Did he know? Should he have known? I have no idea.
But when his generation, the WWII generation, pressured us - forced us, really - to go and fight this war, and get killed in rice paddies so far from home for no good reason that we could see (and, in hindsight, no good reason period) it ignited a generational war which tore down a good deal of the social stability of this society, and opened wounds which have not yet healed, and which may not heal any time soon.
Our parents (the so-called, called by themselves, "greatest generation") did not defend us. They were still back in their imaginations fighting the Evil Nazis, and then Evil Communism. They didn't see it. And we paid the price.
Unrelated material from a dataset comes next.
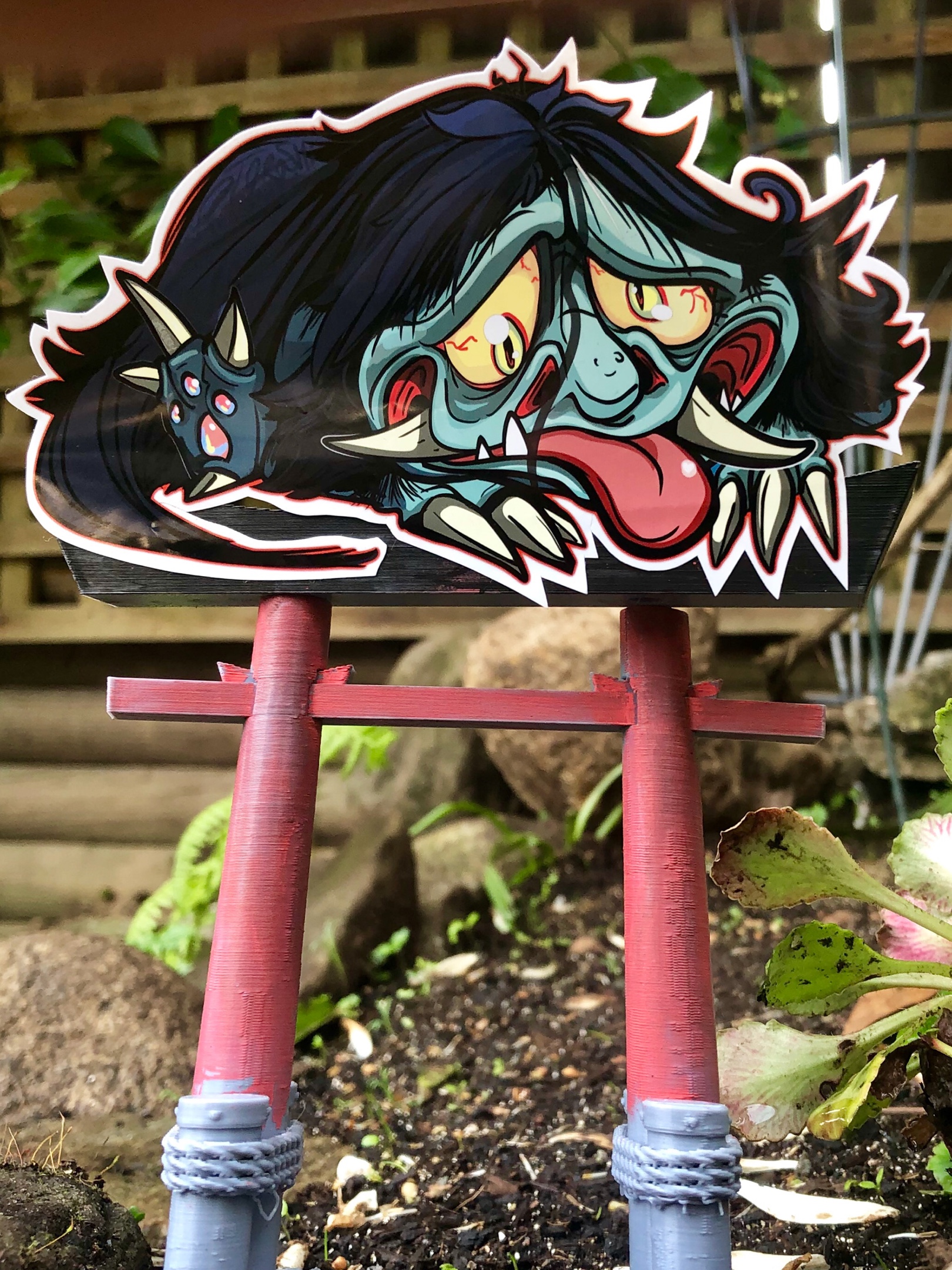 [Sticker Art by @Samkalensky (yo, thats me!) – Part of my Night parade of 100 Demons – Yokai & Japanese folklore sticker collection, weather-resistant 4″ Glossy sticker. Check my shop & follow @samkalensky for many more! (Please note: 3D torigate is not included ⛩ however the Torii Gate sticker (3rd pic) is optional!)]

How much of this lies at the door of Robert McNamara? I don't know. Hindsight is always 20/20. The man did a great deal of harm to us and to this society. What did he know? What should he have known? I have no idea.
RIP
I can't tell you guys, our children, what it was like.
The draft forced our men to serve in Vietnam. We all knew what BS it all was. Even in our late teens and early twenties, it was obvious. (So why couldn't our parents see it??) So many came back in body bags; many many more, physically and/or emotionally crippled. For no good reason. For no reason. For nothing. Trying to explain our point of view to the self-defined "greatest generation" was an exercise in futility. You might as well talk to a brick wall.
So, we thought, what about the other "values" of this "generation"? And in some ways we threw the baby out with the bathwater. Sexual license, drug use, you name it. Because our parents had pinned their entire moral authority to something that any child could see was evil. So we wrote them off wholesale. Everything.
Viewed now, in the cool light of maturity, this was a mistake. But come on, you guys, we were like what, 20 years old? Were we supposed to be able to make fine distinctions? Children that age take the world as it is given to them. What were we supposed to do? Say, OK, so send me to a rice paddy so I can be shot and killed, in the service of the Great American Empire (which, by the way, doesn't exist)?
"Greatest generation" my left foot.
If there is an afterlife, there are probably a lot of dead soldiers who have a few things to say to McNamara.
alkali:
Not quite. McNamara was president of Ford Motor Company before he joined the Kennedy administration.
And this has any relevance to his skills (or lack of them) as Secretary of Defense? What is the source of his incompetence?
This, from Bob Herbert's column today:
"The hardest lesson for people in power to accept is that wars are unrelentingly hideous enterprises, that they butcher people without mercy and therefore should be undertaken only when absolutely necessary."